Part 1
Purpose:
The purpose of this lab is to find the most efficient way to make cheese. Efficiency is determined by the process' speed, simplicity, amount of materials, and the taste product. The amount of materials was a constant so we judged the most efficient culture, by it’s curdling speed.
Hypothesis:
My hypothesis for this lab is that buttermilk will curdle the milk the fastest. Each curdling agent is an independent variable, and the curdling time is dependent.
Procedure:
Data:
Curdling Agent
Curdling Time
Weight of Cone and Curds
Weight of Cone
Weight of Curds
Rate
Chymosin
FPC
5 minutes
4.69g
1.15g
3.54g
708 mg/m
Chymosin
NCB
1440 minutes
2.94g
1.15g
1.79g
1.24mg/m
Buttermilk
24 hours
2.8g
1.15g
1.65g
1.14mg/m
Water
24 hours
2.36g
1.15g
Jhuu 1.22g
0.84 mg/m
Analysis:
From the data, we can see that FPC chymosin curds milk the fastest. My hypothesis was that buttermilk would curd the milk the fastest. My hypothesis was incorrect, FPC was the most effective curdling agent. One error in this lab was that we were unable to check every half hour for curdling after 30 minutes. It was the end of the period, so we left it overnight. This error did not affect the results in any way, the FPC still curdled before the others. One way to improve the lab would be to repeat the curdling process twice, to check if the results were consistent. This would lead to further investigations, such as if the heat was higher, would the milk curdle faster.
Conclusion:
We discovered FPC chymosin curdles milk at a faster rate than water, buttermilk, and NCB chymosin. The experiment consisted of putting equal amounts of milk with four different curdling agents(chymosin FPC, water, buttermilk, and NCB chymosin) in our armpits, and recording the rate it took each agent to curdle the milk, from the time and amount of curds.
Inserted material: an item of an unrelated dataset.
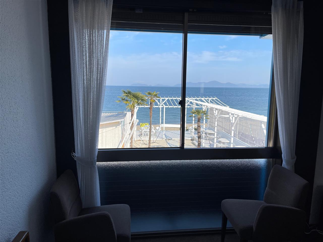 けど、目の前のビーチまで、出ると、生の音と水面の光がより一段と綺麗です〜

As you can see from the table above, our data showed that chymosin FPC curdles milk at a fast rate. It had a rate of 708 mg/s while the next closest was only 1.24 mg/s. This means that FPC chymosin had a very high rate, and that it is the most effective method of making cheese. Again, FPC had the highest rate of curdling and is very effective.
Part 2
Purpose:
The purpose of this lab was to determine if a larger amount of FPC resulted in a faster curdling rate.
Hypothesis:
My hypothesis is that a 200 ul amount of FPC chymosin with have a faster curdling rate than a 100 ul amount of FPC.
Purpose:
Data:
Curdling agent
Weight of cone and curds
Weight of cone
Weight of curds
Rate
Curdling time
FPC 100ml
3.16g
.75g
2.4g
204 mg/m
10 min
FPC 200ml
3.15g
.75g
2.41
482 mg/m
4 min
Analysis:
From this data, we can determine that 200 ul of FPC curdles milk at a faster rate than 100 ul. This means that the rate of curdling depends on the amount of FPC. My hypothesis was correct, the larger amount of FPC does have a much higher curdling rate. A possible error could be that the temperature of the two armpits were different temperatures, possibly from the difference in shirt material. A way to solve this would be to use both armpits of the same person, or put both tubes together in one armpit. This would improve the accuracy of our results. This lab leads to further investigation, such as if the amount of fat in milk changes the rate of curdling.
Conclusion:
We discovered that with a larger amount of FPC, the milk curdles at a quicker rate. Our experiment included curdling milk with 100 ul of FPC and 200 ul of FPC, and recording the curdling time of both. The 100 ul amount of FPC curdled milk at a rate of 204 mg/s while the 100 ul amount of FPC curdled the milk at a rate of 482 mg/s. The amount of curds was equal in both. The time of curdling was shorter in the larger amount. From this data we can see that the 200 ul amount of FPC curdled the same amount of milk in 4 minutes versus 10 minutes from the 100 ul amount. This means that to curdle cheese effectively, you must use the largest amount of FPC possible. The 200 ul amount had a faster curdling rate than the 100 ul solution of 482 mg/s vs 204 mg/s.
Part 3
Purpose:
The purpose of this lab is to determine what macromolecules are in our cheese.
Hypothesis:
My hypothesis is that our cheese contains all four macromolecules.
Procedure:
-Monosaccharide indicator test
1.Test for glucose: In a test tube, mix 2 ml of cheese solution with 2 ml of benedict’s solution. Heat for 2 minutes in boiling hot water bath (100 ml of water in a 250-ml beaker at 100 degrees C) record all color changes and the length of time for each color change to appear.
-Polysaccharide test
2. Test for starch: In a test tube, mix 2 ml of well-mixed cheese solution with 0.25 ml of
Lugol’s Iodine. Gently swirl to mix. DO NOT HEAT. record the color change.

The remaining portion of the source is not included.